Consider adding this rule if all of the following are true: you might be
processing just one day of data, your CSV records are in reverse
chronological order (newest first), and you care about preserving the
order of same-day transactions. It usually isn't needed, because hledger
autodetects the CSV order, but when all CSV records have the same date
it will assume they are oldest first.

## CSV TIPS

### CSV ordering

The generated [journal entries](/journal.html#transactions) will be
sorted by date. The order of same-day entries will be preserved (except
in the special case where you might need
[`newest-first`](#newest-first), see above).

### CSV accounts

Each journal entry will have two [postings](/journal.html#postings), to
`account1` and `account2` respectively.

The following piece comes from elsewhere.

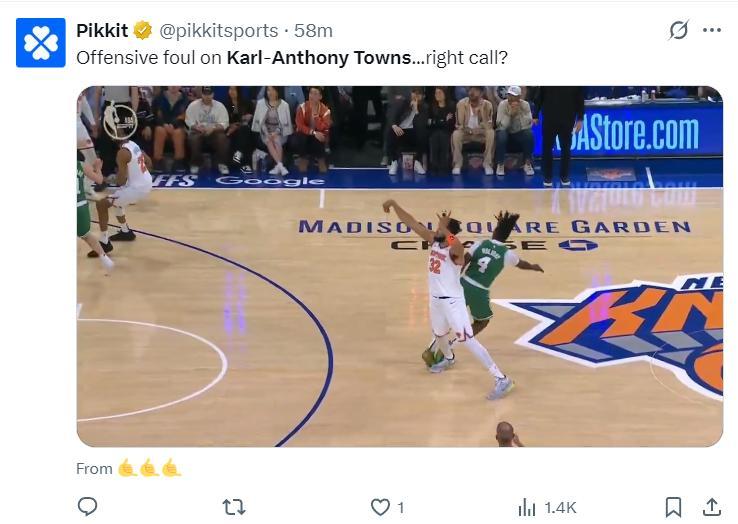 唐斯這場比賽從開場就很“硬”,雖然他的3+1被裁判吹罰了進攻犯規,但唐斯沒有去跟裁判喋喋不休,而是狠狠胖揍綠凱的內線,首節唐斯各種頂着布朗、霍福德上籃,單節9中4拿11分4籃板。

It's not yet possible to
generate entries with more than two postings. It's conventional and
recommended to use `account1` for the account whose CSV we are reading.

### CSV amounts

The `amount` field sets the [amount](/journal.html#amounts) of the
`account1` posting.

If the CSV has debit/credit amounts in separate fields, assign to the
`amount-in` and `amount-out` pseudo fields instead. (Whichever one has a
value will be used, with appropriate sign. If both contain a value, it
may not work so well.)

If an amount value is parenthesised, it will be de-parenthesised and
sign-flipped.

If an amount value begins with a double minus sign, those will cancel
out and be removed.

If the CSV has the currency symbol in a separate field, assign that to
the `currency` pseudo field to have it prepended to the amount. Or, you
can use a [field assignment](#field-assignment) to `amount` that
interpolates both CSV fields (giving more control, eg to put the
currency symbol on the right).

### CSV balance assertions

If the CSV includes a running balance, you can assign that to the
`balance` pseudo field; whenever the running balance value is non-empty,
it will be [asserted](/journal.html#balance-assertions) as the balance
after the `account1` posting.

### Reading multiple CSV files

You can read multiple CSV files at once using multiple `-f` arguments on
the command line, and hledger will look for a correspondingly-named
rules file for each. Note if you use the `--rules-file` option, this one
rules file will be used for all the CSV files being read.